The newer AI innovations, such as generative AI (GenAI) and Agentic AI, build on these technologies.
Generative AI. Generative AI is a type of artificial intelligence that creates new content like text, images, or data based on patterns it has learned from large datasets. In procurement, it can help draft RFPs, summarize contracts, write supplier communications, or generate category insights. A common form of generative AI is the Large Language Model (LLM), which focuses on language tasks, such as summarizing documents, answering questions, or generating text. These tools respond to written prompts, so knowing how to give clear instructions is key to getting useful results. However, GenAI can sometimes produce information that sounds right but is not when the system lacks relevant training data or misinterprets the prompt. For procurement teams, this means results should be reviewed carefully, especially when accuracy matters.
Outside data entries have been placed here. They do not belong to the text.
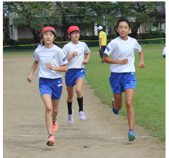
↑ 6年女子トップ争い
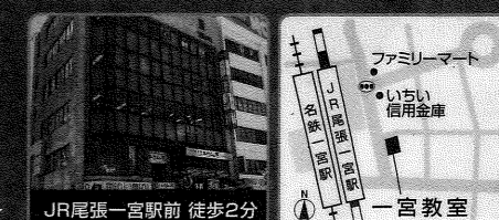
JR尾張一宮駅前 徒歩2分
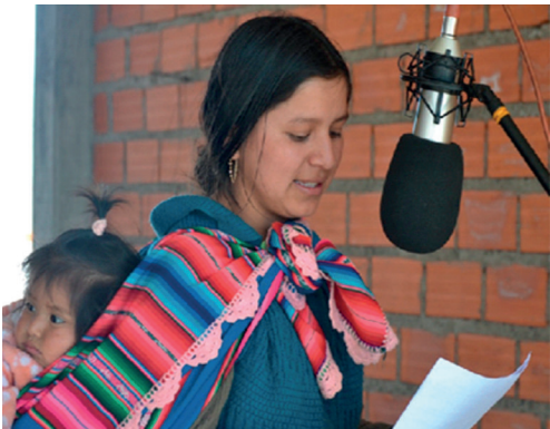
Programa de radio sobre violencia de género en Bolivia
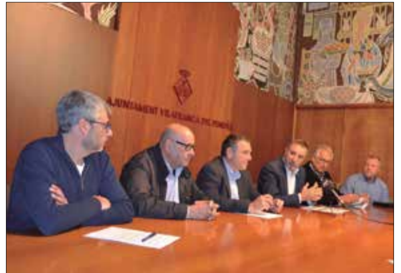
Representants del gremi amb l'alcalde i el regidor de medi ambient.

l'opció de finançar-ho en 36 mesos sense interessos. Les persones interessades a acollir-se a aquesta campanya han de posar-se en contacte amb el Gremi d'Instal·ladors de l'Alt Penedès (93 890 27 06 o info@griap.org) que els informarà sobre les tres ofertes i els facilitarà les dades de diferents instal·ladors perquè puguin posar-s'hi en contacte i fer l'estudi previ i el pressupost. A partir d'aquí caldrà demanar la llicència d'obres a l'Ajuntament (també bonificada) i, finalment, amb la instal·lació ja feta, caldrà demanar a l'Organis-
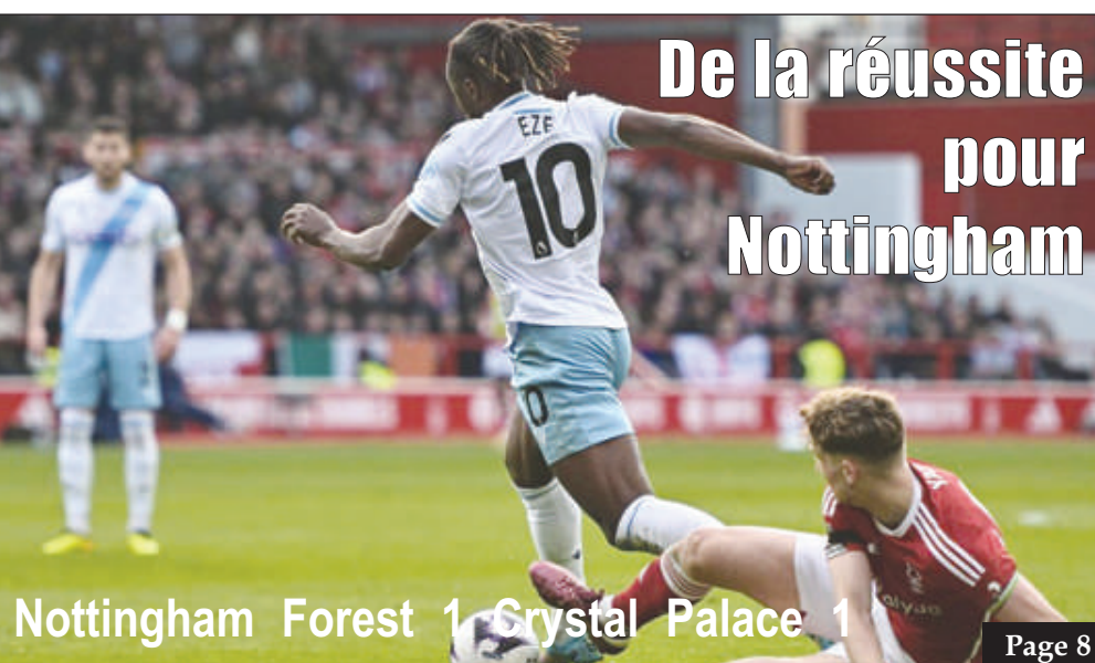
Nottingham Forest 1 Crystal Palace 1
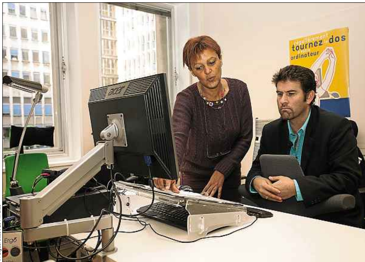
Un fauteuil ergonomique (ici le Capisco, qui s'utilise en ventral) ou un pupitre peuvent faciliter la vie au travail.

Les psychomotriciens, eux, n'ont pas vocation à intervenir dans le milieu professionnel, mais leur travail de rééducation de troubles tels que les tics nerveux, l'agitation ou les problèmes de concentration permettent une meilleure insertion dans l'environnement professionnel. ■ V. T.
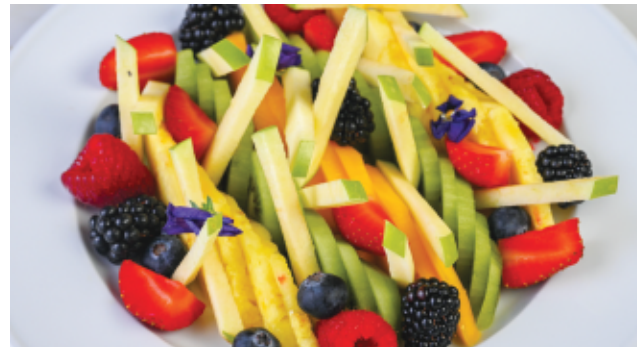
ASSIETTE DE FRUITS 80 DH DE SAISON
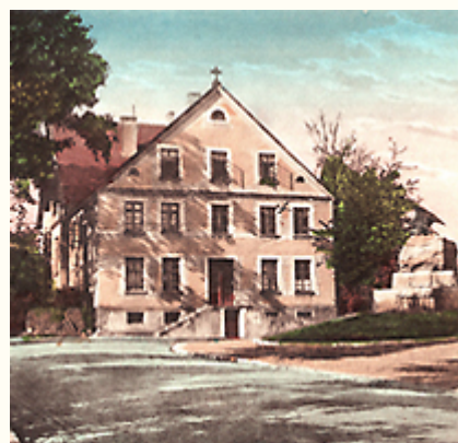
(9) Das Armen- und Waisenhaus in Jöllenbeck (Ansicht nach 1909)

Agentic AI. Agentic AI refers to a more advanced type of artificial intelligence that can take action and make decisions on its own to achieve a goal. Unlike traditional tools that wait for instructions, these AI “agents” can plan, adjust, and use other systems to get tasks done with minimal human input. In a procurement context, Agentic AI could eventually help automate complex, multi-step processes, such as running a sourcing event from start to finish, identifying and onboarding new suppliers, or continuously monitoring contracts for risk. It combines several advanced technologies, including generative AI, to operate more independently.